Every record must be restated exactly. Drop the images.
--- Dataset excerpts ---
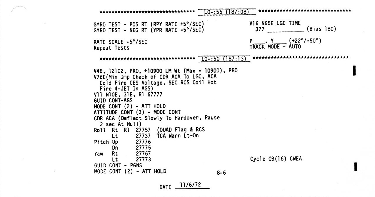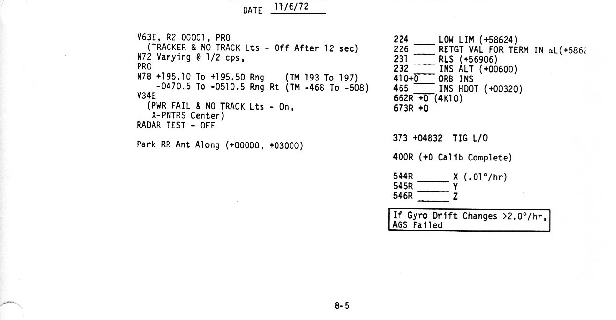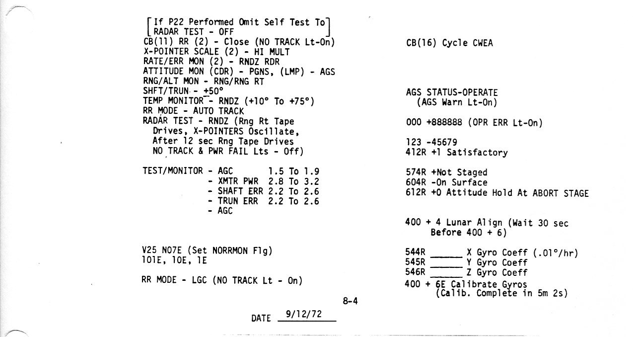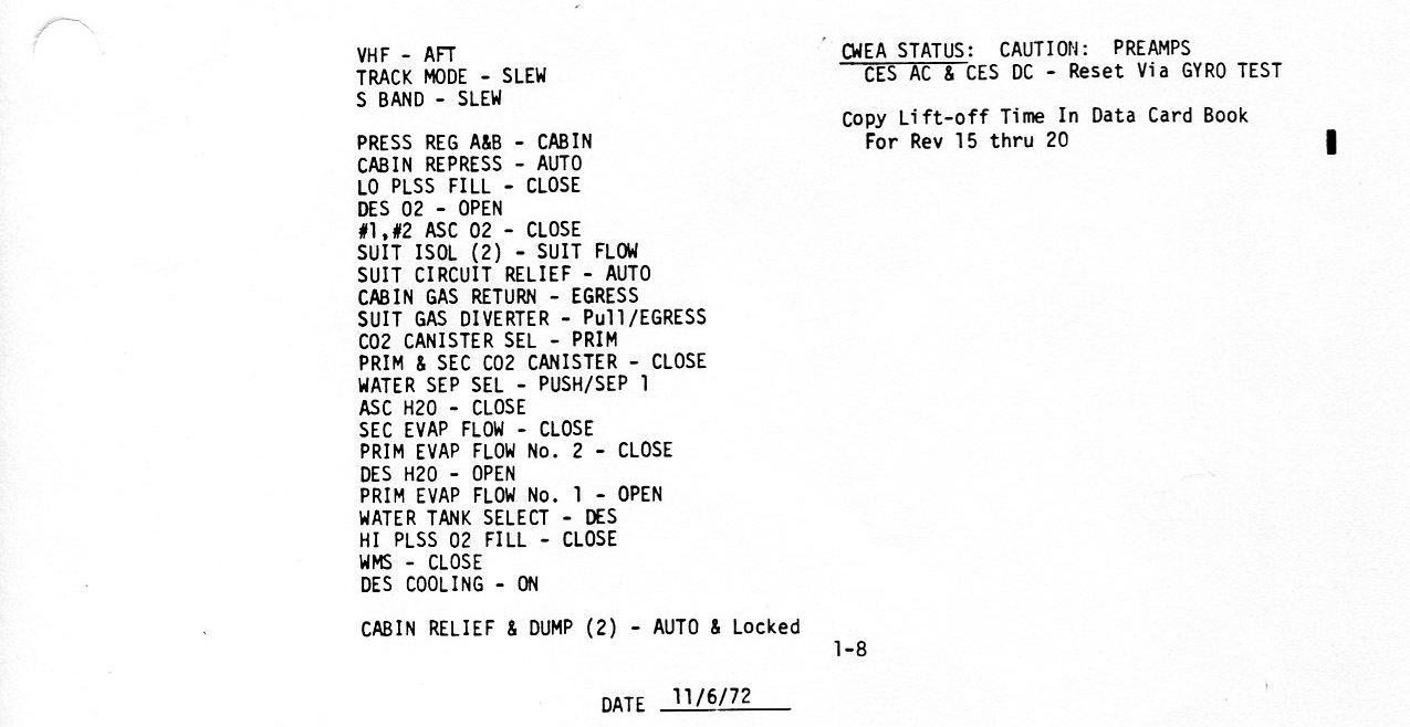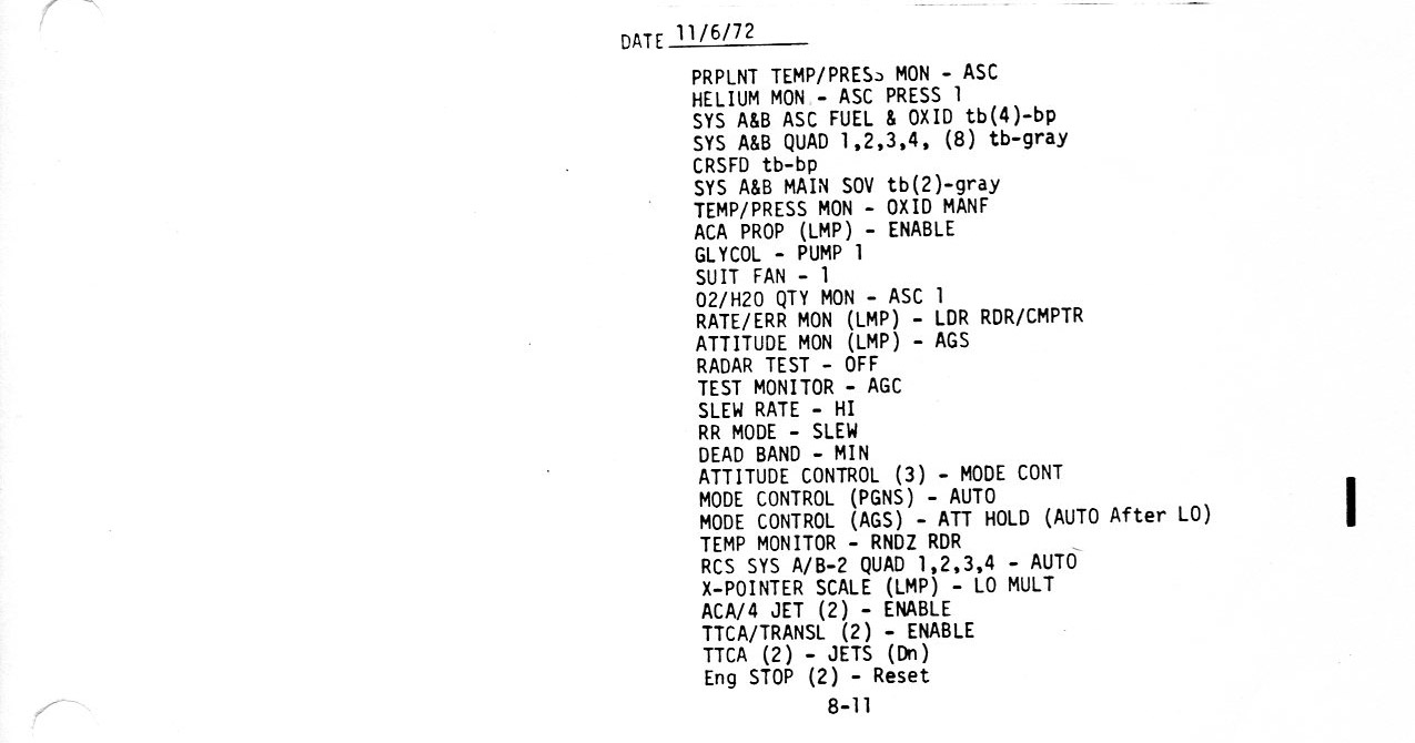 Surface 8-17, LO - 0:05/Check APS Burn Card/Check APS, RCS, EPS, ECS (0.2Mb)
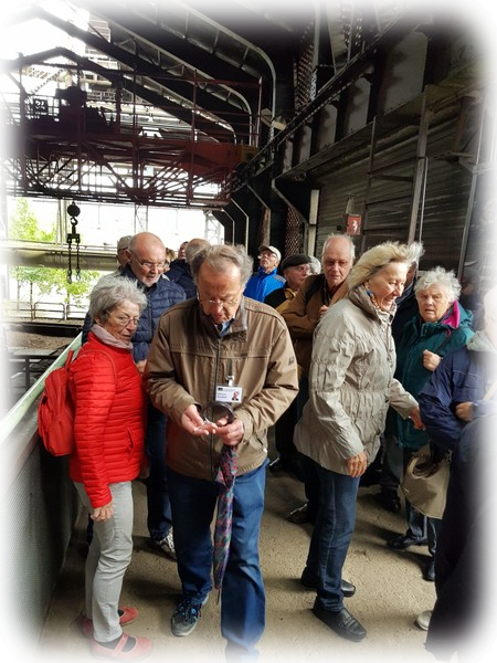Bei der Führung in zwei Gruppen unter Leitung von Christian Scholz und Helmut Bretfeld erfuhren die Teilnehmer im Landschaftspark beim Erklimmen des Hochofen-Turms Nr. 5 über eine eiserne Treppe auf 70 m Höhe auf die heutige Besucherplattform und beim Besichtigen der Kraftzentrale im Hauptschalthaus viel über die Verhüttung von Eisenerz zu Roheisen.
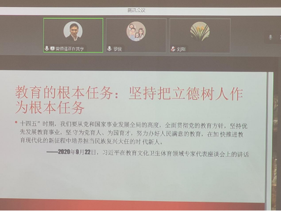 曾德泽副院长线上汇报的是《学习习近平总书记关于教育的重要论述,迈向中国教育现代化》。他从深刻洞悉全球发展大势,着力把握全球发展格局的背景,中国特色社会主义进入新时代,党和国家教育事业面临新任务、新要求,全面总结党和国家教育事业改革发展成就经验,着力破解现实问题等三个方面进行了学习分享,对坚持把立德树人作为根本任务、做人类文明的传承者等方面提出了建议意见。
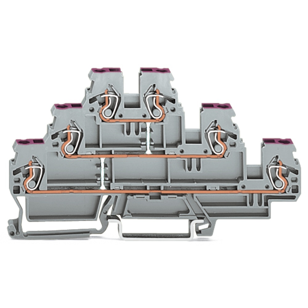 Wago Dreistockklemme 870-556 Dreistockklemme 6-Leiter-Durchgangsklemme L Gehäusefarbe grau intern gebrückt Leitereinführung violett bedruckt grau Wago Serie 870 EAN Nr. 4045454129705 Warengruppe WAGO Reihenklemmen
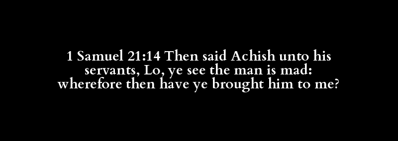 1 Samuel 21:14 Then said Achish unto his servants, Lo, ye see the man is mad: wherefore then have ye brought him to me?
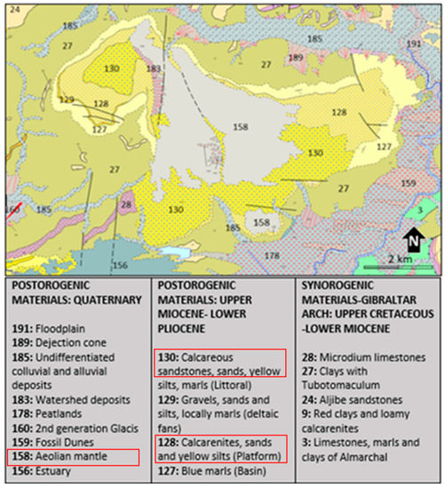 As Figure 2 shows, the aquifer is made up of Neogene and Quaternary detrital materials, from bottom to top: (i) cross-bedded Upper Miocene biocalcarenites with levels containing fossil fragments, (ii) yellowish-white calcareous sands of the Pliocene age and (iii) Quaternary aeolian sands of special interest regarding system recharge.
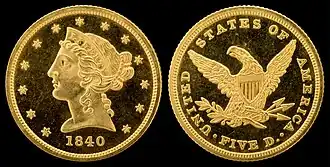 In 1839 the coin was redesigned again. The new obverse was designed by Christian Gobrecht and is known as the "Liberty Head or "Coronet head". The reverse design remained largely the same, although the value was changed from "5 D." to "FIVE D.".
---
Result below »
 Surface 8-17, LO - 0:05/Check APS Burn Card/Check APS, RCS, EPS, ECS (0.2Mb)
Bei der Führung in zwei Gruppen unter Leitung von Christian Scholz und Helmut Bretfeld erfuhren die Teilnehmer im Landschaftspark beim Erklimmen des Hochofen-Turms Nr. 5 über eine eiserne Treppe auf 70 m Höhe auf die heutige Besucherplattform und beim Besichtigen der Kraftzentrale im Hauptschalthaus viel über die Verhüttung von Eisenerz zu Roheisen.
 曾德泽副院长线上汇报的是《学习习近平总书记关于教育的重要论述,迈向中国教育现代化》。他从深刻洞悉全球发展大势,着力把握全球发展格局的背景,中国特色社会主义进入新时代,党和国家教育事业面临新任务、新要求,全面总结党和国家教育事业改革发展成就经验,着力破解现实问题等三个方面进行了学习分享,对坚持把立德树人作为根本任务、做人类文明的传承者等方面提出了建议意见。
 Wago Dreistockklemme 870-556 Dreistockklemme 6-Leiter-Durchgangsklemme L Gehäusefarbe grau intern gebrückt Leitereinführung violett bedruckt grau Wago Serie 870 EAN Nr. 4045454129705 Warengruppe WAGO Reihenklemmen
 1 Samuel 21:14 Then said Achish unto his servants, Lo, ye see the man is mad: wherefore then have ye brought him to me?
 As Figure 2 shows, the aquifer is made up of Neogene and Quaternary detrital materials, from bottom to top: (i) cross-bedded Upper Miocene biocalcarenites with levels containing fossil fragments, (ii) yellowish-white calcareous sands of the Pliocene age and (iii) Quaternary aeolian sands of special interest regarding system recharge.
 In 1839 the coin was redesigned again. The new obverse was designed by Christian Gobrecht and is known as the "Liberty Head or "Coronet head". The reverse design remained largely the same, although the value was changed from "5 D." to "FIVE D.".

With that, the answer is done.